Monday, January 16, 2012

I am desperate for You!!!

Hello Again! Well, I just wanted to share what God has been doing in my life....

I suppose I can say right now, I am so desperate for God. I need him so desperately in my life because I know if He does not take me, mold me, make me, rescue me, heal me, lead me, guide me, be my all in all...
I will completely crumble. I know I won't make it...I won't make another day.
Has anyone ever been there and feels the desperation like I feel, bloggy friends????

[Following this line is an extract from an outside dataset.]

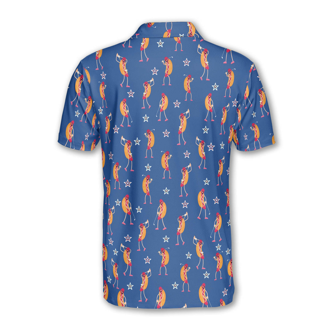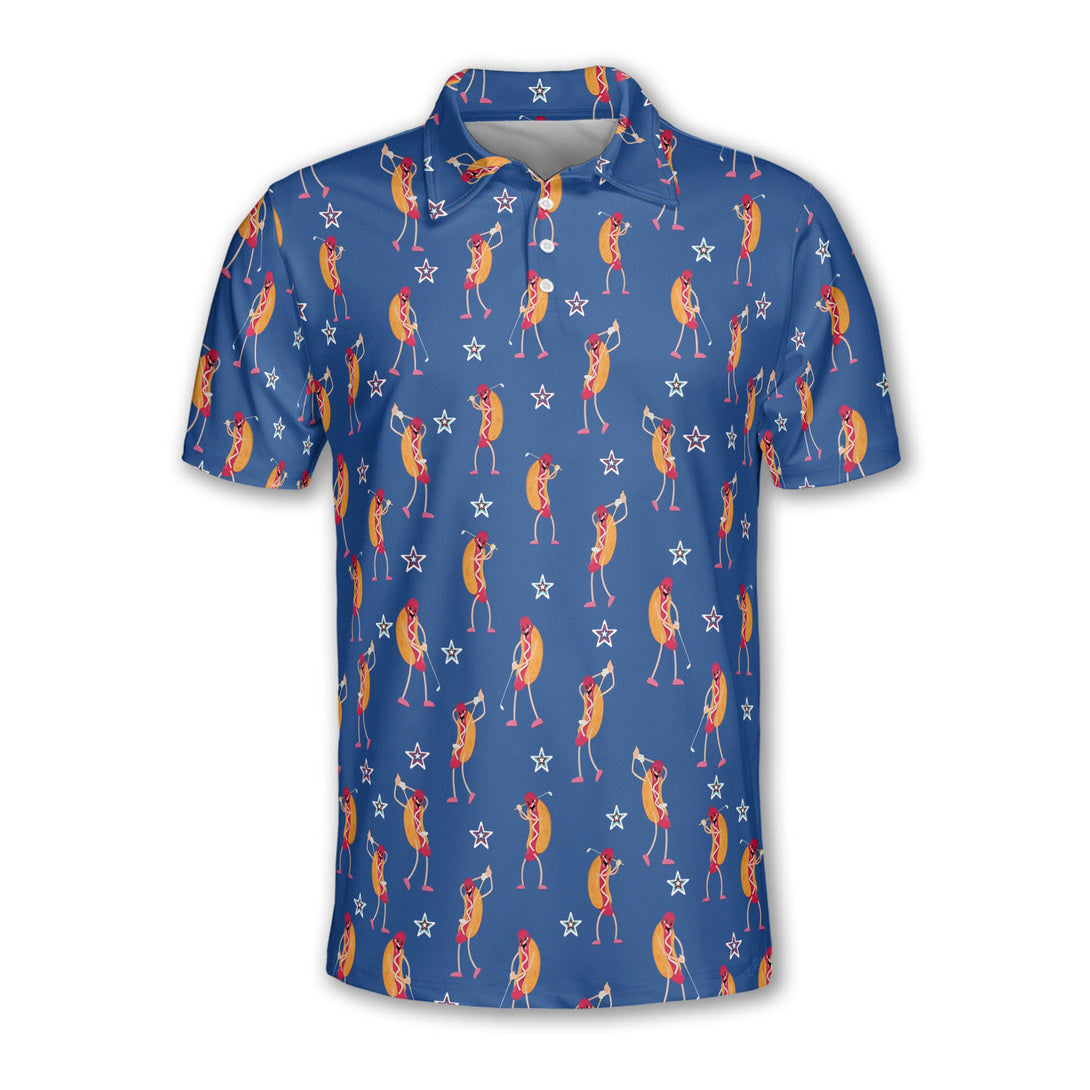Fun Hot Dog Men's Blue Golf Polos Shirt, Hot Dog Golf Shirt Men GE0098

I am at a complete and total standstill in my life....wondering and waiting on the Lord. I love the Psalms especially in this season in my life. Psalm 30 is what I have been reading over and over again..."Hear, O Lord and be merciful to me; O Lord, be my help."
I need HELP....not from a doctor, not from a lawyer...but from Almighty God himself....who is more powerful than anything....that will save my soul and has saved my soul from destruction both now and in the present age to come....
Jesus I need you so desperately today. I really don't want to write here about all my neediness but this is what is on my heart today....
I am hoping and praying for better days. For new direction, for confirmation to come that all this hardship was not done in vain. I am going to continue to seek and pray to my heavenly Father because I know He will see me through!!

God bless.

Tuesday, January 10, 2012

An update for 2012

Hello again to all my bloggy friends!!

I know it has been a while since I updated you on all the happenin's here in Guam.
To be completely honest with you, we have been going through a trial, maybe I could call it a storm that has put my focus off of things like updating blogs, laundry, goals for the New Year, cleaning house, etc...
Unfortanately, it took my mind off of trusting in the Lord too....I am working at now seeking my Father's face in this whole ordeal and taking in each moment He gives me to operate in His Spirit, in His timing, and in His grace.
I don't want to really make this post boring, sad, or have you,my bloggy friends, be concerned. Just know that our Father God is working mightily in me, revealing to me His love, His peace, and His security...for His purpose.
I want to share so much with you all about the birth of our newest lil' guy. I can't wait to put pics of him up here and the other kids. They are growing up and God is doing a work in each one of them.
Anaya prayed the other night with her face in the rug to accept Jesus in her heart. I read her a Bible Story and talked with her about Jesus and she wanted Him to come into her heart....she also saw her sister baptized in the ocean out here and so she wants to do that too. Don't know yet...but all in God's timing.
I know my oldest daughter wants me to post here more often. I will do so when the Lord allows...please pray for me. I am needy of prayer this season of my life. I used to pray for others on a pretty regular basis and people would search me out to pray for them...yet God has me here asking people to pray for me.
I love this verse, "Be strong in the Lord and in the power of His might."